● Task:
Only one stretch of the listing below is wanted. Begin at the line that has "沿道も真っ赤な紅葉がでてきて山奥にすすんでいるかんじがします。", stop after the line that has "- EASY TO INSTALL", and repeat every line in between exactly.

● Records for processing:
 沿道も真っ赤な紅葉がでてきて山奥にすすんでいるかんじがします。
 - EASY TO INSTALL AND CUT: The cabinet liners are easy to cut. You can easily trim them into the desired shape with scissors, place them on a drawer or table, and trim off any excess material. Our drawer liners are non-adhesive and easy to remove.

==

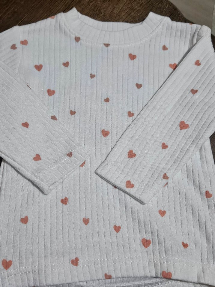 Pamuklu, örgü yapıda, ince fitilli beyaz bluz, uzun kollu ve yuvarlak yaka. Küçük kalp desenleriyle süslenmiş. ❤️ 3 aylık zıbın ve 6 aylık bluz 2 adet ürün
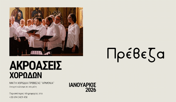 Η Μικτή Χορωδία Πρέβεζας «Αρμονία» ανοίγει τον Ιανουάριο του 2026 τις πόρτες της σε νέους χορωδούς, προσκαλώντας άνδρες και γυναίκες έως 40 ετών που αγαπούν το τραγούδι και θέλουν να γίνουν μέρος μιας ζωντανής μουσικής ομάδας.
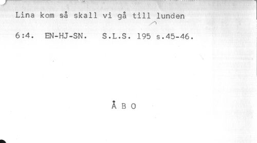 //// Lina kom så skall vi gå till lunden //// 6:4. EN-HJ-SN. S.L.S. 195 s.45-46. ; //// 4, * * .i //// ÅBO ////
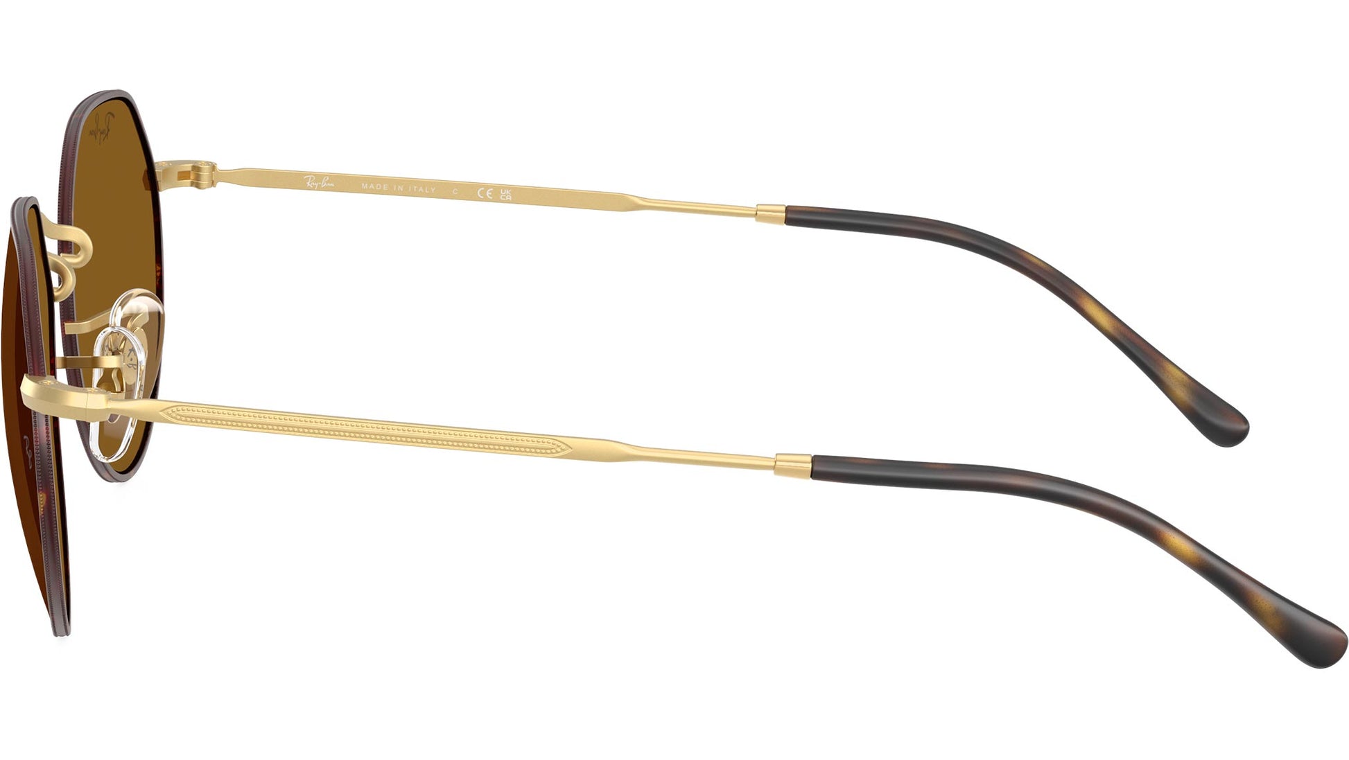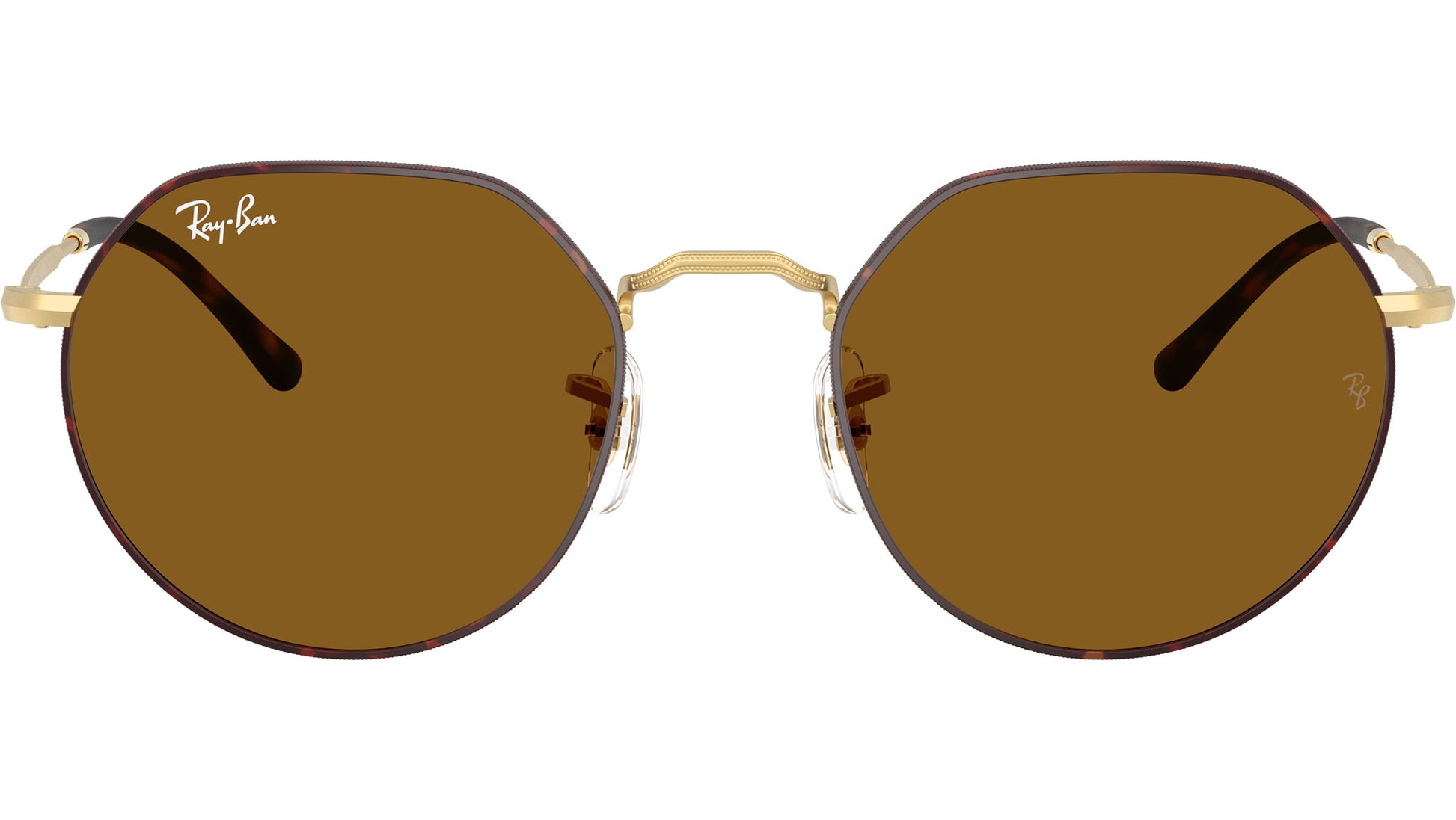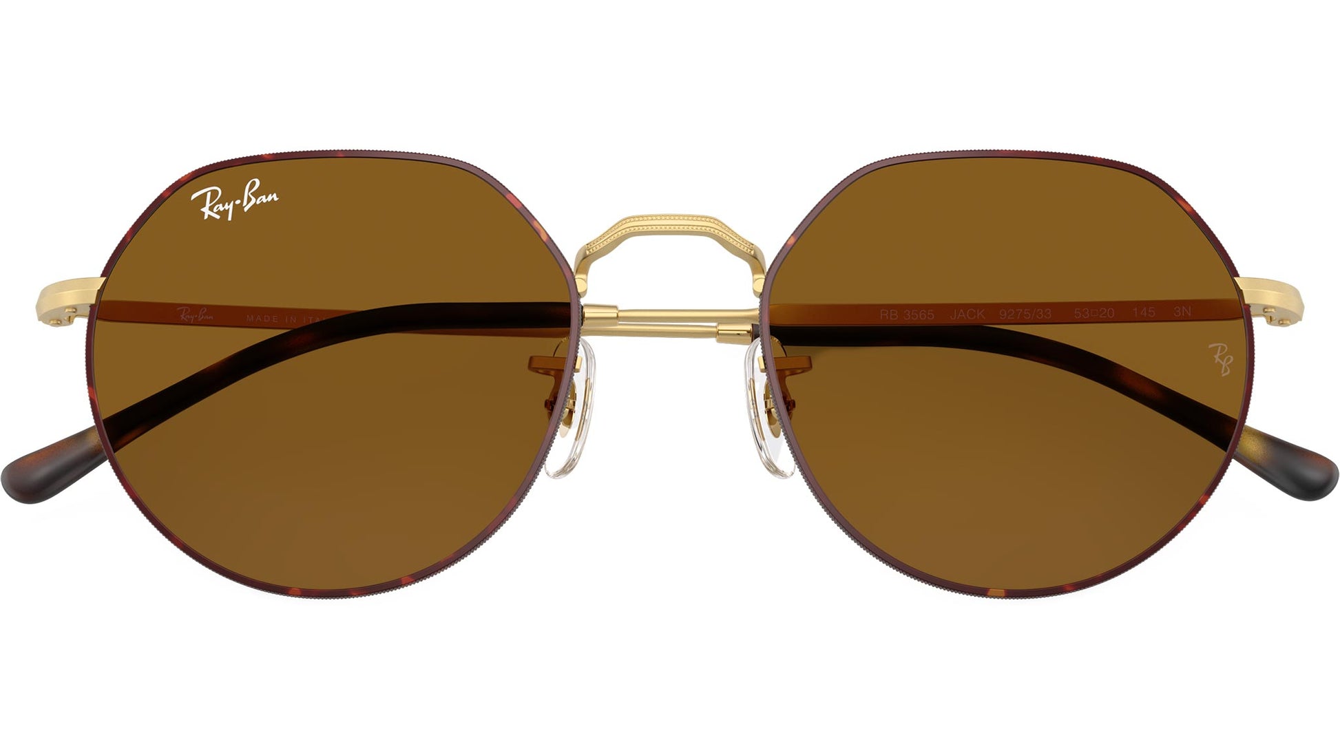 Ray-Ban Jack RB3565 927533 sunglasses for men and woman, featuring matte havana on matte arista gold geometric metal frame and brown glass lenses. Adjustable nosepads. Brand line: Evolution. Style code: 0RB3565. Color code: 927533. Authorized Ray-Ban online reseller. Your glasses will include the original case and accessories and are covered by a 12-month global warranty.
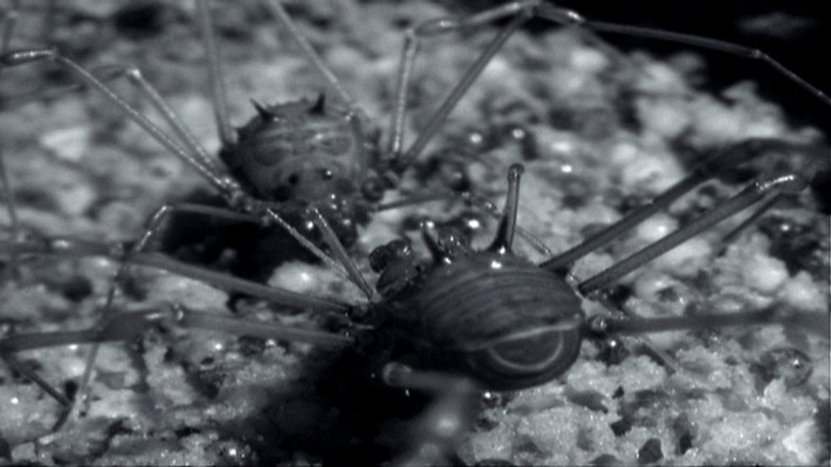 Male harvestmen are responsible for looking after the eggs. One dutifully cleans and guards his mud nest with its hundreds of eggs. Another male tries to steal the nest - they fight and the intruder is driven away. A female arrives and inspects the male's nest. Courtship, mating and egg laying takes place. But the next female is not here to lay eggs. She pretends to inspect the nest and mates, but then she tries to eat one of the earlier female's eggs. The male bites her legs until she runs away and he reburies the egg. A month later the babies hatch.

● Reply to the exercise:
 沿道も真っ赤な紅葉がでてきて山奥にすすんでいるかんじがします。
 - EASY TO INSTALL AND CUT: The cabinet liners are easy to cut. You can easily trim them into the desired shape with scissors, place them on a drawer or table, and trim off any excess material. Our drawer liners are non-adhesive and easy to remove.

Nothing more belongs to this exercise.